Only the lines below from the one that contains "[나폴리( 이탈리아)= AP/뉴시스]" through the one that contains "Semir long-sleeved T-shirt" should appear in your answer, exact and without pictures.

= Data for review =
##########

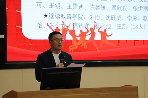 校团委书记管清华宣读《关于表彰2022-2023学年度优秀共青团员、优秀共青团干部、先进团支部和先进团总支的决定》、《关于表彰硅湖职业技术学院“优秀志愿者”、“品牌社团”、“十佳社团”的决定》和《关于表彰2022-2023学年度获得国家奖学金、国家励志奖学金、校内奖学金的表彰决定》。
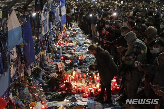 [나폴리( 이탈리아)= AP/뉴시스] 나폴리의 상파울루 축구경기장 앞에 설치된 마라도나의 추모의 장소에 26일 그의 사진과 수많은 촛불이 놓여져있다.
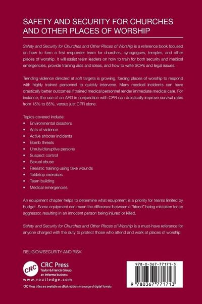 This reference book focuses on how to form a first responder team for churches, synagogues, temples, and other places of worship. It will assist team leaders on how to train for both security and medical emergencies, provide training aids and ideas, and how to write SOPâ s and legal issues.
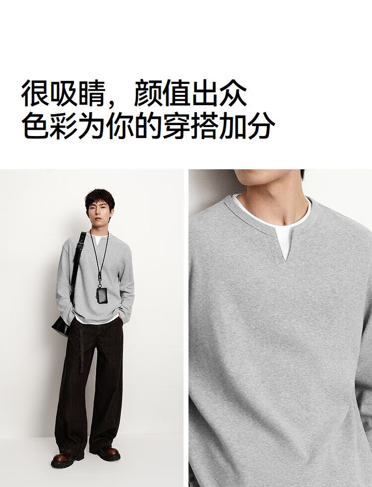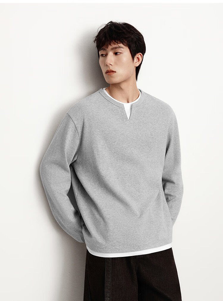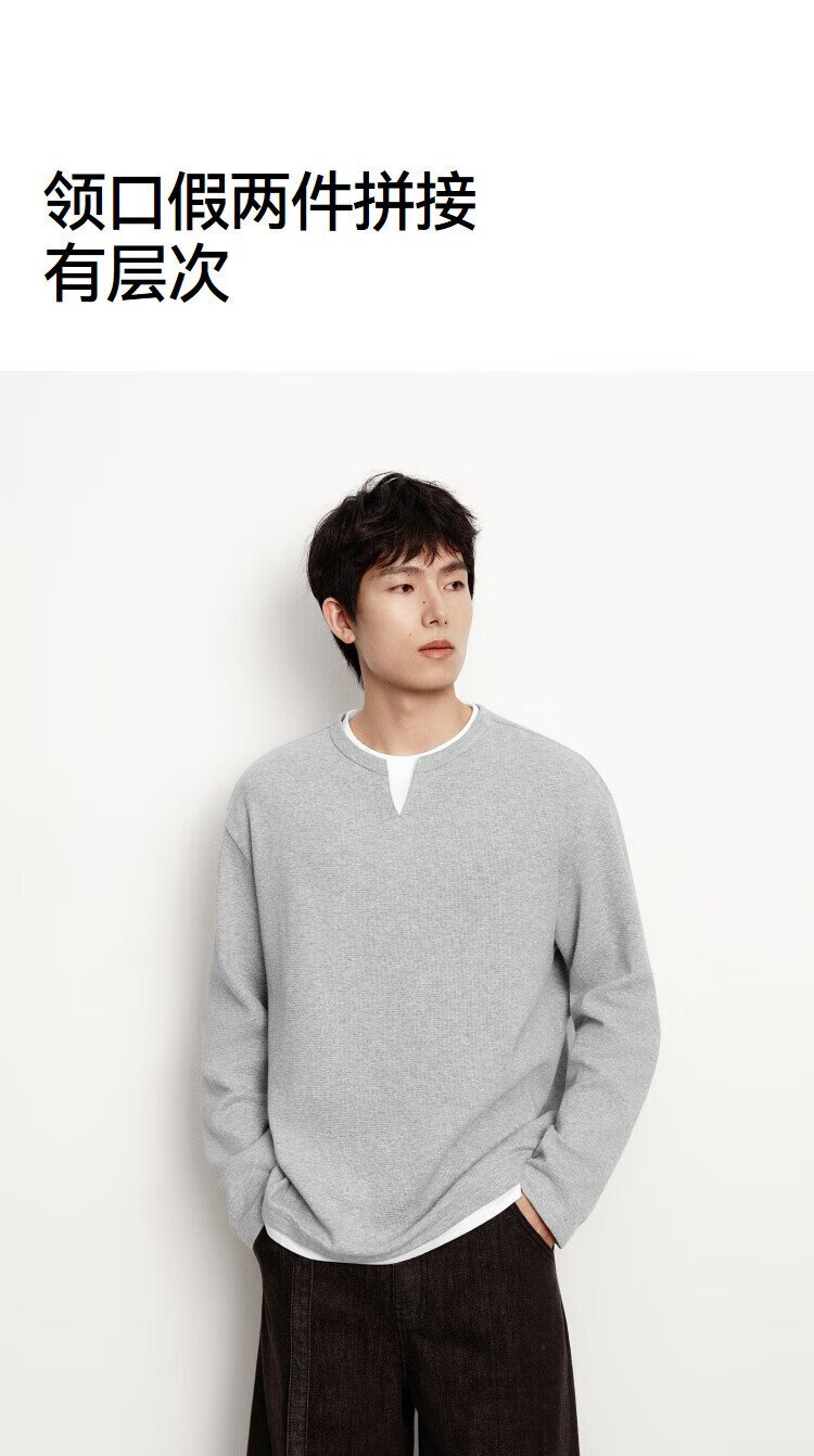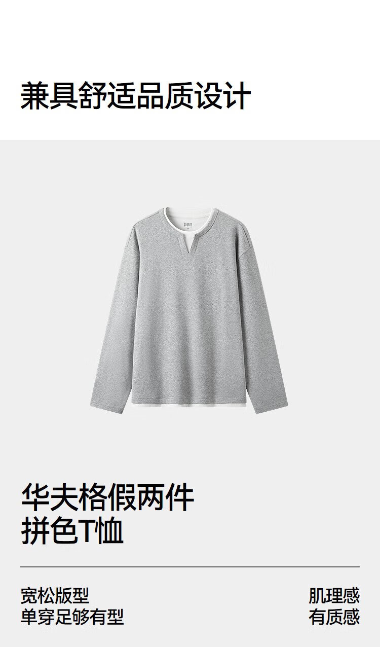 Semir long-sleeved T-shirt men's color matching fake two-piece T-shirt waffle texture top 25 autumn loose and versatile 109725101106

##########

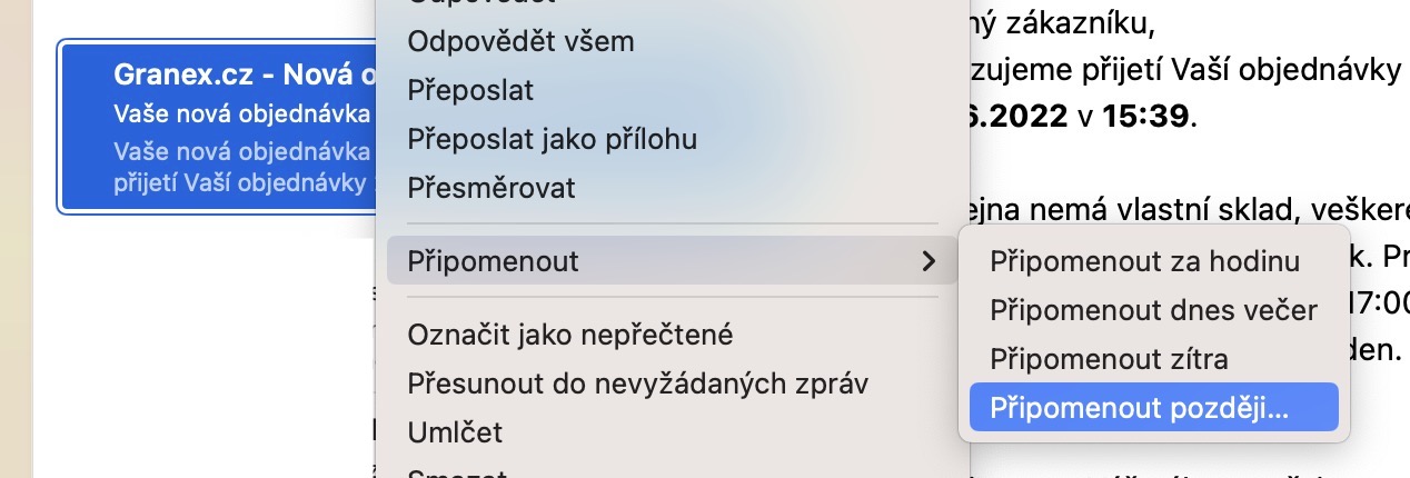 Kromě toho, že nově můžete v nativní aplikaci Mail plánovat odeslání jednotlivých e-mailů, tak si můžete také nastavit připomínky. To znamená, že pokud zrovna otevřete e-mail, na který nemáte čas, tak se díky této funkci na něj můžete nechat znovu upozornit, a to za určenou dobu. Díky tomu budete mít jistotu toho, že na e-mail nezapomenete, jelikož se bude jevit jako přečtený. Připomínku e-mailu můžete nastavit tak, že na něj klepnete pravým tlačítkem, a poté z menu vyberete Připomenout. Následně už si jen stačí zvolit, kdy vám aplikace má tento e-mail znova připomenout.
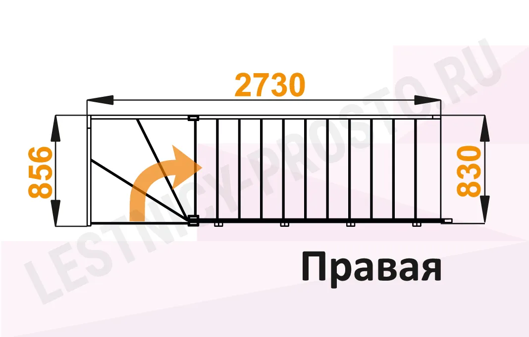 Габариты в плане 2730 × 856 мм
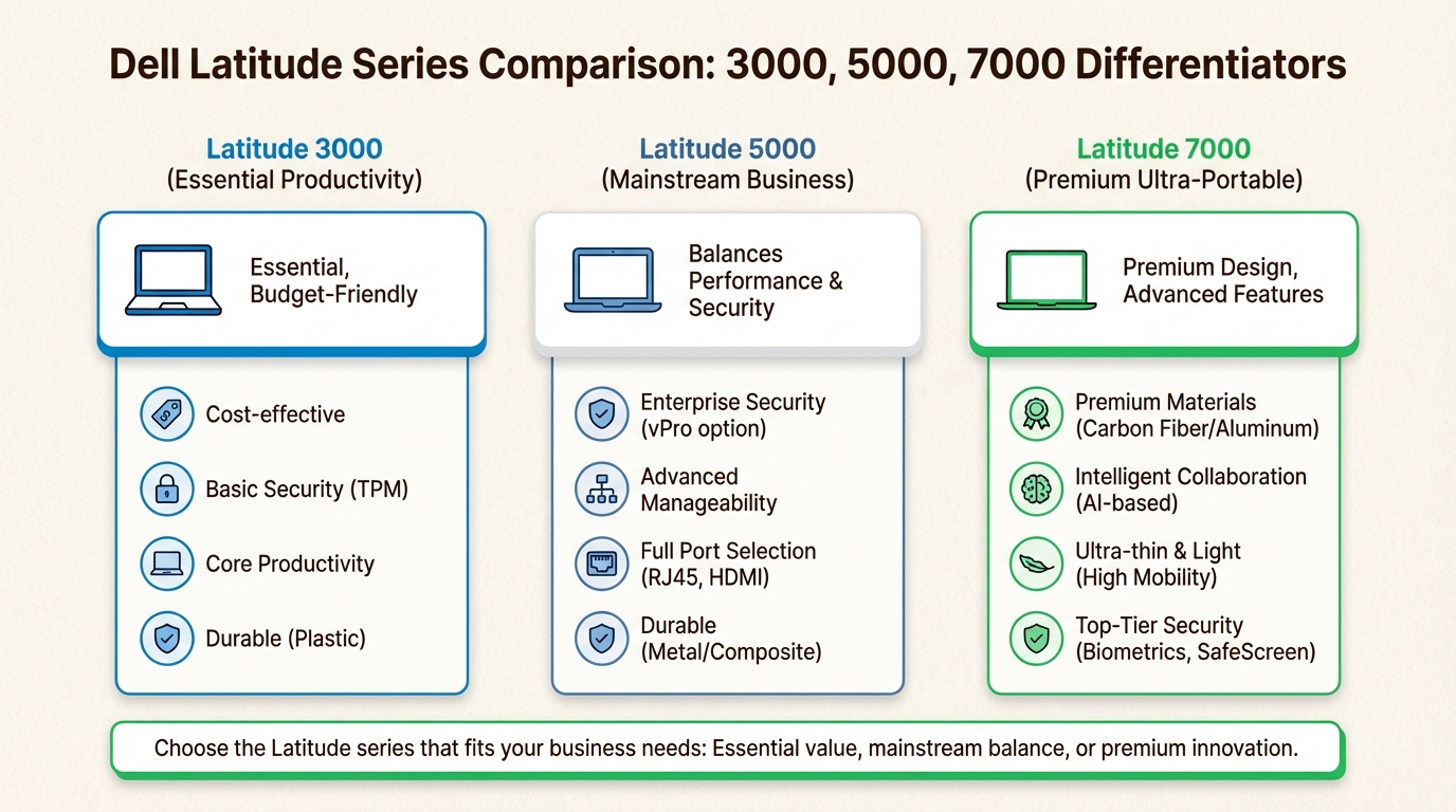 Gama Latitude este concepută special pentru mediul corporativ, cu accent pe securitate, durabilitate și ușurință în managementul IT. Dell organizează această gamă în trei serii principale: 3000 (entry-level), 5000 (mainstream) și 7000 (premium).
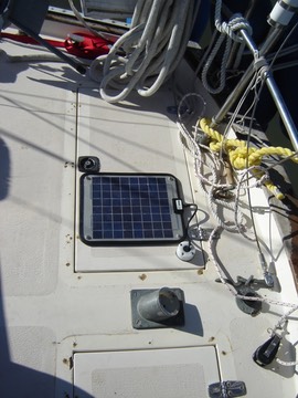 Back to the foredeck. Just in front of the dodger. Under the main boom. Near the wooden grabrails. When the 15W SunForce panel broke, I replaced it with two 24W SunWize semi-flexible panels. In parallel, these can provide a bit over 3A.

##########

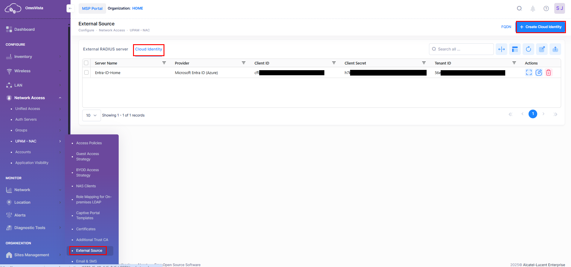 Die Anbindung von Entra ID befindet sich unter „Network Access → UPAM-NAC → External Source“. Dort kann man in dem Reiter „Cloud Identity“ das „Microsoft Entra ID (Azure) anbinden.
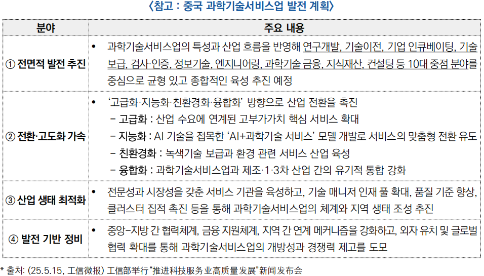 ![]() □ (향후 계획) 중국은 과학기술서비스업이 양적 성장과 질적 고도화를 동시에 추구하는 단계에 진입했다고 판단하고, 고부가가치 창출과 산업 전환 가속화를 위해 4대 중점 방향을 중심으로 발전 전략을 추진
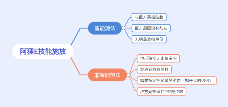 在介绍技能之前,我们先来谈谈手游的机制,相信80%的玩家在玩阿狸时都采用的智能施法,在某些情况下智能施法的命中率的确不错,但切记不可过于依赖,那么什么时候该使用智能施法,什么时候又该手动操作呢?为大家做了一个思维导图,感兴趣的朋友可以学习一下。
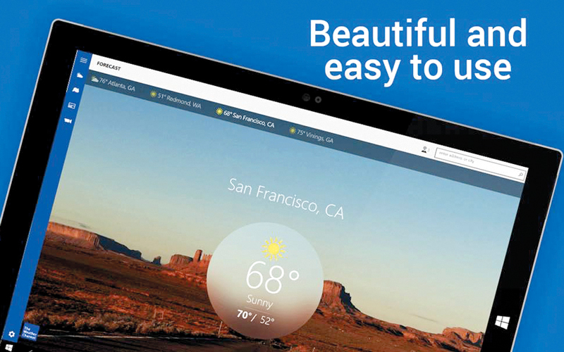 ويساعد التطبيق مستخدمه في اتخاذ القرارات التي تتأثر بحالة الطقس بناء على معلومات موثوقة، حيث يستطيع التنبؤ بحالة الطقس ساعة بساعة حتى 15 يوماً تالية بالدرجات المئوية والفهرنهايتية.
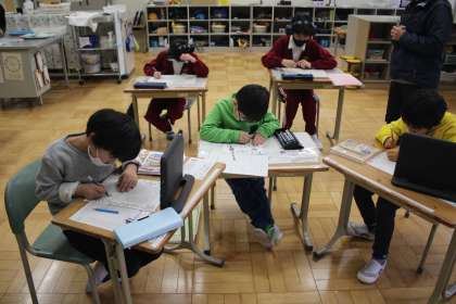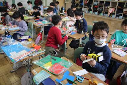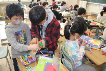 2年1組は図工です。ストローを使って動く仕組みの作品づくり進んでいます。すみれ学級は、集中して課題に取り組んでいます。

##########

= Solution for this task =
 [나폴리( 이탈리아)= AP/뉴시스] 나폴리의 상파울루 축구경기장 앞에 설치된 마라도나의 추모의 장소에 26일 그의 사진과 수많은 촛불이 놓여져있다.
 This reference book focuses on how to form a first responder team for churches, synagogues, temples, and other places of worship. It will assist team leaders on how to train for both security and medical emergencies, provide training aids and ideas, and how to write SOPâ s and legal issues.
 Semir long-sleeved T-shirt men's color matching fake two-piece T-shirt waffle texture top 25 autumn loose and versatile 109725101106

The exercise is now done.